Precompute everything via something like Johnson's algorithm, or use a standard search algorithm every time as you suggested - Dijkstra for example (which boils down to simple BFS, since the graph is unweighted).

The first requires way too much storage/RAM to do. The second is prohibitively slow. What you (likely) want is a hybrid solution that combines some precomputation (possibly a long one, but that doesn't require much storage), and a shorter per-query computation.

Clustering
One approach would be to somehow cluster your graph, and compute the distances between the exit vertices of the clusters. Then a search algorithm wouldn't even consider paths in clusters (or rather use the precomputed minimum paths between exits), unless that cluster contains the start or end point.

A-star
Another is to compute a heuristic and use A* (or any other heuristic-assisted search). You mentioned that you do not have any information about the graph, except the connectedness, so you may need to devise and precompute such a heuristic.

One such heuristic may be a minimal "order n spanning graph". There's likely a proper term for this, but it's been too long since my Uni days, so I'll explain what I mean.
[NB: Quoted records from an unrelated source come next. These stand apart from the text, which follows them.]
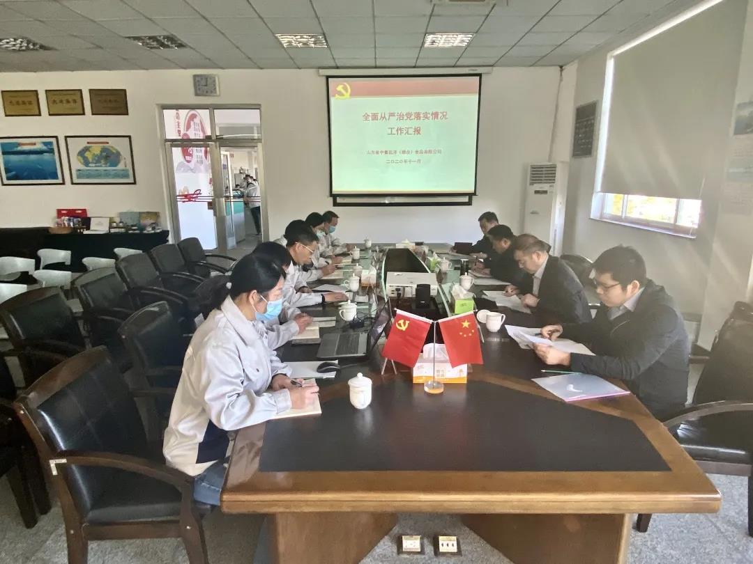 在聽取中魯食品黨總支書記徐志超的全面從嚴治黨工作情況匯報后,盧連興董事長對中魯食品的黨建工作及從嚴治黨工作取得的成效表示肯定,并提出要求。要求全體黨員干部深入學習貫徹習近平總書記系列重要講話精神,堅決落實省委巡視整改專題督導調研關于全面從嚴治黨工作的部署,進一步深化認識、壓實責任、嚴格執紀,提高政治站位,高度重視落實全面從嚴治黨主體責任中存在的問題,找準問題癥結,深挖問題根源,采取強有力措施,確保整改到位。對出現的問題不遮掩、不推諉,真反思、真整改,查漏補缺,建章立制,以上率下,以身作則,旗幟鮮明講政治,壓緊壓實真整改。促進全面從嚴治黨和企業發展兩手抓兩手硬,為企業高質量發展提供有力保障。
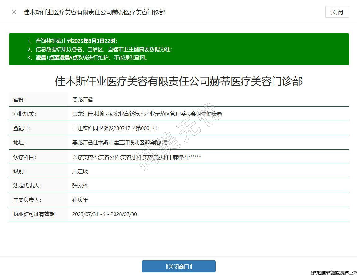 佳木斯仟業(yè)醫(yī)療美容有限責(zé)任公司赫蒂醫(yī)療美容門診部
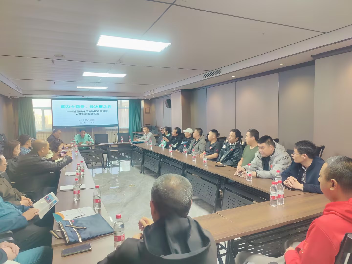 10月22日下午,bevictor伟德官网在军豪酒店会议室举办助力十四冬,赴冰雪之约主题座谈会。会议由bevictor伟德官网党总支书记胡日查毕力格主持,党总支副书记凌占一、副经理林剑冬、实训中心主任何洋、体育教育系副主任姜莹以及海拉尔及周边地区十二所中小学的校领导、体卫艺工作负责人和一线体育教师共计二十多人参加了此次座谈。

I call a "order n spanning graph" a collection of vertices, such that any vertex in your original graph is reachable from some vertex in this collection via a path of length at most n.

If you've got such a collection, along with a mapping of Vertex -> closest vertex in spanning graph + distance to it, and the distances between any 2 points in the spanning graph, then you have a heuristic:

The distance between two vertexes is at least the distance between their closest vertices in the spanning tree + distances to them - 2*n. (Why? Because the distance between the spanning vertices is at most the distance between A and B + distances to them).

This is an admissible heuristic, hence A* will do a good job using it.

The smaller the order of the collection, the better the heuristic and faster the search. But that also means that the spanning graph will be larger, and hence you will need a larger matrix of distances. I would probably start off with a graph of order 50 or so, but you can tweak it, depending on the exact shape/nature of the graph.

Optimize for the average use-case
Also worth noting that you can optimize not for the graph you have, but for the queries you answer. If they are typically to compute precise, but small distances, you may want to precompute some, but not all values (For example, distances from each node to anything reachable by 3 or less steps?). You'd need fallback to one of the methods above in this case, but that may be sufficient.

This also begs the question: Is full precision really necessary on longer paths for you? Maybe the specification can be relaxed in this sense?